The locals have put their various special touches upon these paths to ensure they are especially creepy.
Back in the hostel now, chowing down on a few wurste. The Black Forest Hostel is a pleasant place, very homey, including a kitchen, a pool table, and cozy living quarters (which you share with 20 strangers).
On the second floor hangs a wooden plaque, painted with the following poem by Rumi:
This being human is a guest house.
Every morning a new arrival.
A joy, a depression, a meanness,
some momentary awareness comes
as an unexpected visitor.
Welcome and entertain them all!
Even if they are a crowd of sorrows,
who violently sweep your house
empty of its furniture,
still, treat each guest honorably.
He may be clearing you out
for some new delight.
The dark thought, the shame, the malice.
meet them at the door laughing and invite them in.
Be grateful for whatever comes.
because each has been sent
as a guide from beyond.
-Rumi, The Guest House-
Day 2: Mostly worked on fiction and went eventually to a poetry slam.
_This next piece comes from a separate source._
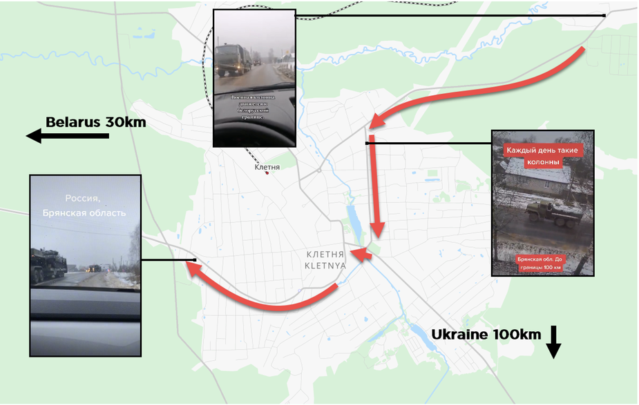 Візуалізація маршруту колони через Клєтню. (Джерело: Open Street Map, фон; Twitter, ліворуч; TikTok, в центрі; TikTok, праворуч)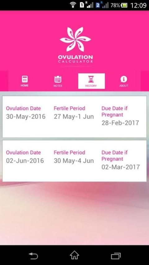 OvulationCalculator هو تطبيق بسيط متواجد حاليا استخدام لحساب وقت التبويض وتحديد الفترة الخصبة. ما عليك سوى اختيار متوسط عدد الأيام في دورتك الشهرية وتاريخ الأول من آخر دورة شهرية، وتاريخ الإباضة وفترة الخصوبة الخاص بك سيتم عرض ويمكنك تسجيل نتيجة الجواب تحقق نفسها في التاريخ. يجري الحميمة خلال فترة خصبة يحسن إلى حد كبير من فرص لتتمكن من الحمل. يعرض التطبيق أيضا على التاريخ المتوقع للولادة إذا كنت يحدث لتصور في ذلك الوقت.

The poetry slam occurred at the Rang Teng Teng, and I had the pleasure to speak with other Americans, some of whom bought me free drinks. Always wonderful to meet poets abroad.
Day 3, 8:05am
I sit above Freiburg, a monstrous buzz rising from the buildings far below.
This city is no landscape painting, cannot be captured like a photograph now or now or now or now. The city breathes, changing with each instance. The city grows, its limbs spiraling up mountainsides. You can never define this city but by its smallest moments.
So true also for the human, for we are not portraits. We change each moment. We grow. Identity is too fluid to pin down, an ever-changing magic word you cannot pronounce correctly. Each second is a deliberate reality, a conscious memorial of now, now, now. We may not be still, somewhere a small hum emanating always from our chests. Hear that? This is a song that never repeats the same notes, melody wild as dandelions, formless as campfire smoke.